# Question for you ladies



## Norm09 (Mar 30, 2008)

A bit bout me: I feel I'm confident, yet have low self esteem :scratchhead:

Wife cheated when we were dating w/taller, blonde, blue/green eyes, thin guy. 

While engaged, I believe strongly she had an emotional affair w/another taller, blonde blue eyed, thinner guy. 

Life goes on, yada...yada...yada, after 14 yrs of marriage I think I see the light. I'm 6', low fat mass, musclular, brwn eyes/hair, and dark(always tan, farmer).

A week where she only sees me, no sex. When we are around other guys("her type") she is in the mood. 
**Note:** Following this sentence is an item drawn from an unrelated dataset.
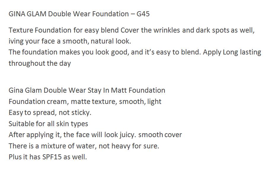 | Gina Glam Double Wear Stay In Matte foundation SPF15 G45 30ml. #01White |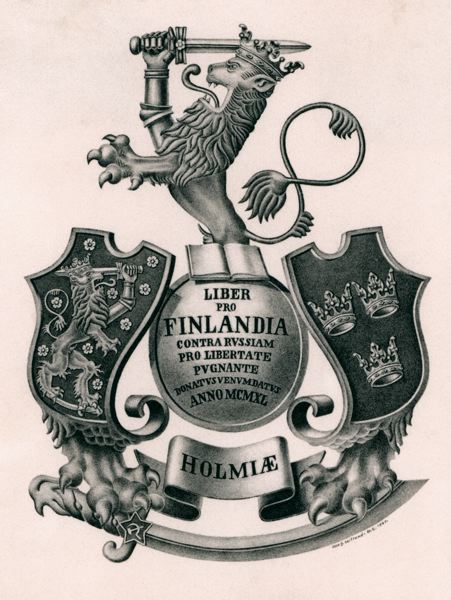 • Svart tryck på vitt papper. Vapen. Text: Liber pro Finlandia contra Russiam pro libertate pugnante Donatus Venum Datus ANNO MCMXL HOLMIAE

Do I confront her about this "her type" make'n her "in the mood" or am I just an idiot think'n she wants/dreams of someone else?
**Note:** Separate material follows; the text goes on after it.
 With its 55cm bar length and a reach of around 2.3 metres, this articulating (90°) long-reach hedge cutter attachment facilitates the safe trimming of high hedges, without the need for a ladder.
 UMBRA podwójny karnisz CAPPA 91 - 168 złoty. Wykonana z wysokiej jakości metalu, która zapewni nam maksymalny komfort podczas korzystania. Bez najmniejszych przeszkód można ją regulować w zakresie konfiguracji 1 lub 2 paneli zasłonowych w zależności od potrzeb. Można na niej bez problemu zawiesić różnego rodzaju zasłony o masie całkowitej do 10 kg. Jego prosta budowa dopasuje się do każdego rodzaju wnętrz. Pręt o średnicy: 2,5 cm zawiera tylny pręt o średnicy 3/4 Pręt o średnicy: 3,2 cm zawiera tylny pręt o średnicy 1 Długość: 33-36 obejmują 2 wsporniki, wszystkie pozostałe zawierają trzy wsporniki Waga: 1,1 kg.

It has happened many times, I kinda noticed a trend, but it may just be my low self esteem. 

Is this common w/women?

Thanks.


----------



## mollyL (Dec 31, 2007)

I can only speak for myself, but regarding your post: Did she really have affairs with all these guys or do you just think so? The answers I think have to be different depending on your answer.
If no is the answer: So your wife has a "type". We all have personal preferences. Your wife wants to make love? Isn't that what you want in the first place? Make love and best wishes to you.
If yes is the answer: Can you guys get over this, or is your hurt too deep? You think she even fantasizes about her "type", even when making love to you? Your hurt is extremely deep; if she can't help you mend things, maybe this isn't where you should be.


----------



## Kenya26 (Mar 31, 2008)

I wouldn't say common with women, more so common with people in general. You have been married for quite some time and longevity comes from keeping things fresh. It could be that when she sees someone that fits her "type" or arouses her fantasies, it puts her in the mood to make love. It probably isn't the greatest feeling in the world to feel that your spouse is envisioning someone else when making love to you, however; one thing that you do have going is that she is making love to you and not them. Fantasies are safe! As long as she does not act on those impulses I really dont feel a need for you to fret. If it really bothers you communication is the best policy. Speak to her about it and tell her what is on your heart.


----------



## BrokenFrag (Mar 25, 2008)

But fantasies, if they go unchecked can impact reality. Fantasies have no bad parts, but reality does. My wife fantasized about what life would be like if she weren't with me. Well, she fantasized about it enought, without ever talking to me about it, and she ended up having an emotional affair with a coworker. Our marriage will probably end because of it. No, she didn't have sex with, yes she had sex with me, but that became a problem for her in the end. She is in love with him, but she loves me. Now she is debating about whether or not she should find out if "in love" with him is more important (or appealing) to her than "loving" me. I never had a chance.

If your wife is doing something that troubles you, you MUST talk about it. It could be nothing, or it could be a warning sign. Either way, if you don't talk openly and honestly about everything, it will be very hard to have a happy healthy LONG-TERM relationship.

Sorry, I am not a lady, but I got burned by one, so inevitably, I have an opinion.


----------